Imagine living five hundred years from now. Looking back on our age, perhaps they will be be appalled and morbidly fascinated by the power of something most of us take for granted today: money.

Many of us spend a huge percentage of our lives working or chasing job opportunities, with one prime objective in mind: to earn as much money as we possibly can. We do it to build a future for ourselves and our families. It’s a trade-off that we make in order to live our lives. If you want nice things, if you want a tolerable retirement, then you have to work for it.

The bargain we make ensures that many of us spend the healthiest and most exciting times of our lives in an office 8 am to 6 pm, 5 to 6 days a week. Instead of being with our family and friends, we are obliged to while away the hours with people, most of whom we would not ordinarily choose to spend our free time with. We miss out on the special occasions, the children growing up, the rich friendships, the time spent with our parents as they grow older. We forsake our interests and hobbies, following instead the financial interests of strangers who are wealthier and more powerful than we could ever hope to be. While providing many benefits, work is a leading cause of stress and fatigue. Important relationships breakdown and families split apart because of it. When you think about it, it’s a strange way to live out our best years.

The ultimate objective of all this work is retirement: spending the last few years of our life without the pressures of clock-in times, deadlines or demanding bosses. By this age, however, infirmity, ill-health or bereavement may have paid a prolonged house-call. For many, retirement comes too far too late.

A fortunate few are able to retire early, in good health, with many years left to run on the clock. For many, “retirement” does not mean hours of boredom, daytime TV and too much time on the golf course. Plenty of people still lead busy lives, with one crucial difference: what they do, they do it for themselves. Freed from the need to constantly worry about money, they can spend time following pursuits that suit them, their circumstances and their personalities. It may still be work, but with far fewer downsides.

There are also examples of people who work hard, and who love every minute of what they do. They are quite happy to spend 11, 12, 13 hours a day, plus weekends, happily beavering away at what they love. For them, money does not appear to be the prime incentive. Their work defines who they are. It’s intimately linked to their sense of self: their happiness.

This also tells us something about the nature of work. If we didn’t have to work, most of us would do something anyway. If we were freed from the need to earn money, that work might be qualitatively different, more personal, more individually focused.
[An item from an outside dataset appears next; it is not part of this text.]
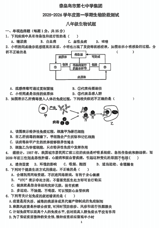 河北省秦皇岛市第七中学集团2025-2026学年八年级上学期期中考试生物试题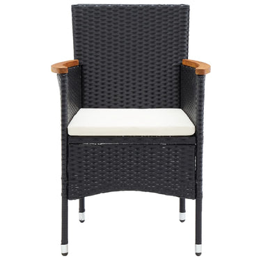 De eettafel is gemaakt van massief acaciahout met een olieafwerking, waardoor hij stabiel, duurzaam en gemakkelijk te onderhouden is. De eetstoelen hebben een gepoedercoat stalen frame bedekt met weerbestendig PE-rattan waardoor ze stevig en gemakkelijk schoon te maken zijn. Elke stoel is ontworpen met gebogen rug- en armleuningen voor een meer ergonomische vorm. De armleuningen zijn prachtig gedecoreerd met massief acaciahout voor een rustieke charme. De dik gevoerde kussens bieden ultiem zitcomfort.

It’s an intriguing idea: a future where most people would be able to choose what work they do. A world where most people, by our standards today, would be considered rich; not just in the developed world, but everywhere on the planet. On the face of it, it sounds hopelessly optimistic and unrealistic. But something like this could happen. The example of modern life suggests that work is getting scarcer by the decade – or at least the type of work done by paid humans. At the same time, exciting technologies are coming into existence that may one day enable us all to have the resources we need at our fingertips ¬†We may need to think hard about the implications of this in the coming century.